Seventh Circuit Rejects CERCLA Claims Filed Nineteen Years After Settlement

In the latest in a line of decisions examining the distinctions between Section 107 and Section 113 claims under the Comprehensive Environmental Response, Compensation, and Liability Act (CERCLA), the Seventh Circuit Court of Appeals affirmed in Refined Metals Corp. v. NL Industries, Inc., No. 18-3235, a lower court finding that the plaintiff in a cost recovery action brought under CERCLA waited too long to file a claim against another potentially responsible party (PRP). 

The opinion, released on August 22, reinforced that if a PRP has a contribution claim under Section 113, the PRP cannot pursue a more plaintiff-friendly Section 107 cost recovery claim. Section 113 claims are triggered by a “qualifying lawsuit” under CERCLA Section 106 or Section 107(a) and when a “person … resolve[s] its liability to the United States or a State for some or all of a response action or for some or all of the costs of such action in an administrative or judicially approved settlement.” CERCLA Section 113(f)(1) and (3)(B).

The claims at issue in this case were motivated by costs incurred by Refined Metals at a contaminated lead smelter site that Refined Metals acquired from NL Industries in 1980. In 1998, Refined Metals entered into a settlement agreement with EPA and the Indiana Department of Environmental Management. The settlement required the site to be closed, payment of a $210,000 fine, and remediation of the contamination. EPA and the state environmental agency agreed to covenants not to sue under various environmental laws. The covenants not to sue took effect immediately, though neither agency agreed that they would forego claims under CERCLA. Nineteen years later, in 2017, Refined Metals filed litigation against NL Industries.

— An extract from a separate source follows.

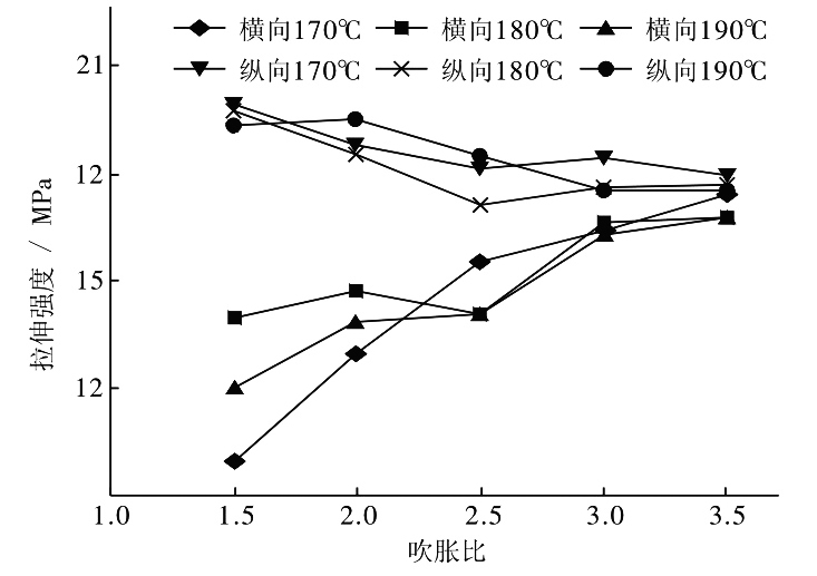 圖3加工溫度和吹脹比與拉伸強(qiáng)度的關(guān)系

The Court concluded forcefully that Refined Metals had a Section 113 claim for contribution, which was subject to a three-year statute of limitations that expired in 2001.

In reaching this conclusion, the Court made several key determinations:

  • The absence of an admission of liability in the underlying settlement does not prevent a settlement from resolving liability. Rather, “the immediately effective covenant not to sue was the dispositive point.” 
  • The settlement “need not resolve CERCLA-specific liability in order to start the clock on a contribution action.” Nor does the settlement need to resolve “all” of a PRP’s liability for response actions or response costs. The Court reasoned that an alternative application of the Section 113 settlement trigger would permit PRPs to “drag out the process” to a degree that would undermine the statute of limitations. The Court also dismissed concerns that a short limitations period would require PRPs to “initiate a contribution action before the full scope of … liability became certain,” noting that CERCLA’s declaratory judgment mechanism would “help mitigate such ex ante uncertainty.”
  • A settling PRP cannot avoid the contribution action requirement even if it does not “share liability” with the other PRPs for the claims that are resolved explicitly by the underlying settlement. According to the Court, either NL Industries “has some liability for these cleanup costs or it does not. It is beside the point that ‘the 1998 RCRA Consent Decree neither finds nor addresses any liability’” of NL Industries.

The Refined Metals opinion builds on the Supreme Court’s decisions in Cooper Industries, Inc. v. Aviall Services, Inc., 43 U.S. 157 (2004), and United States v. Atlantic Research Corp., 551 U.S. 128 (2007), as well as prior decisions in the Seventh Circuit, which have sought to clarify whether a claim arises under CERCLA Section 107 for cost recovery or Section 113 for contribution. 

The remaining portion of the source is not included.